Wall Street Daily Brief

Q2 Earnings Season: High Expectations and Guidance Trends

Q2 Earnings Season: High Expectations and Guidance Trends

Key Questions

What does Deutsche Bank expect for Q2 earnings?

Deutsche Bank anticipates S&P 500 companies will deliver strong results and clear a high bar, supported by favorable macroeconomic conditions despite market rotation.

How did the June jobs report affect investor sentiment?

The report missed expectations at 57K versus 113K, adding macro caution while keeping rate cut hopes alive amid potential hike risks. This contributed to mixed market reactions with Nasdaq and S&P 500 declining.

Why are guidance trends important in the Q2 earnings season?

Guidance will be key amid high expectations, AI trade skepticism, and a mixed backdrop including rotation and record equity issuance, helping assess sustainability of earnings growth.

What cautionary factors surround the current earnings season?

Midterm year weakness, record equity issuance, and the softer jobs data introduce caution, even as strong earnings are expected to provide market support.

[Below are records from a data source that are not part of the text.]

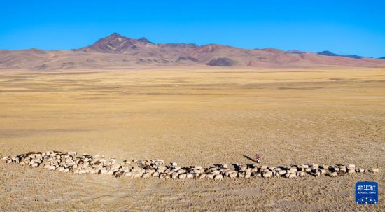 丹增在西藏那曲市尼玛县俄久乡马迁村老家的草场上牧羊(2023年12月18日摄,无人机照片)。新华社记者 姜帆 摄
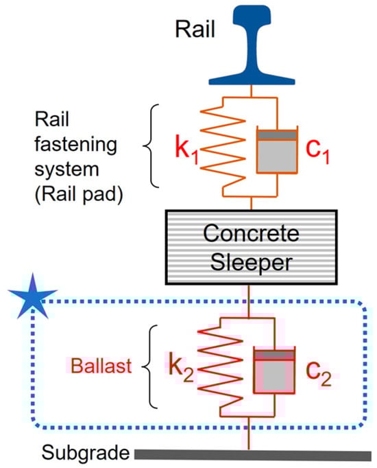 - This study treated the spring stiffness of the ballast as a variable and confirmed the natural frequency of the track through finite element analysis, corresponding to changes in this parameter. The finite element analysis results showed a maximum deviation of approximately 0.91% compared to the field measurement values. This close agreement validates the use of the finite element model for simulating the track behavior under varying ballast support conditions. Therefore, the spring stiffness of the ballast and finite element modeling can be used to predict damage to gravel-ballasted track sleepers.
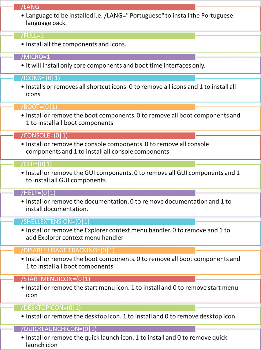 ultradefrag-6.0.0.bin.i386.exe /S /STARTMENUICON=1 /LANG=” Portuguese” /FULL=1 /ICONS=0
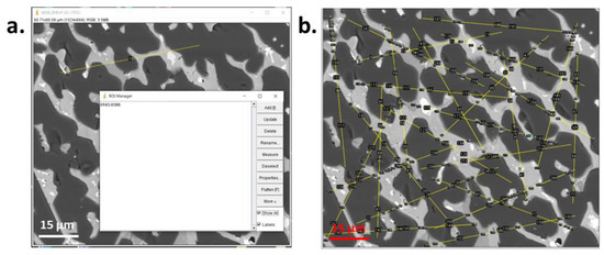 Figure 11. Windows of ImageJ during the linear analysis of the image, (a) using ROI Manager for adding the secants and chords, (b) with all secants and chords.

How is the broader market backdrop influencing Q2 earnings outlook?

The season starts with tech weakness, value rotation, and skepticism around AI trades, though Dow showed resilience while Nasdaq and S&P 500 faced pressure from chip declines.

Deutsche Bank expects S&P 500 companies to clear a high bar in Q2 earnings. The June jobs report missed expectations (57K vs 113K), adding macro caution and keeping rate cut hopes alive but hike risk present. Guidance trends will be key. The season begins amid a mixed market backdrop with rotation and AI trade skepticism. Record equity issuance and midterm year weakness add caution.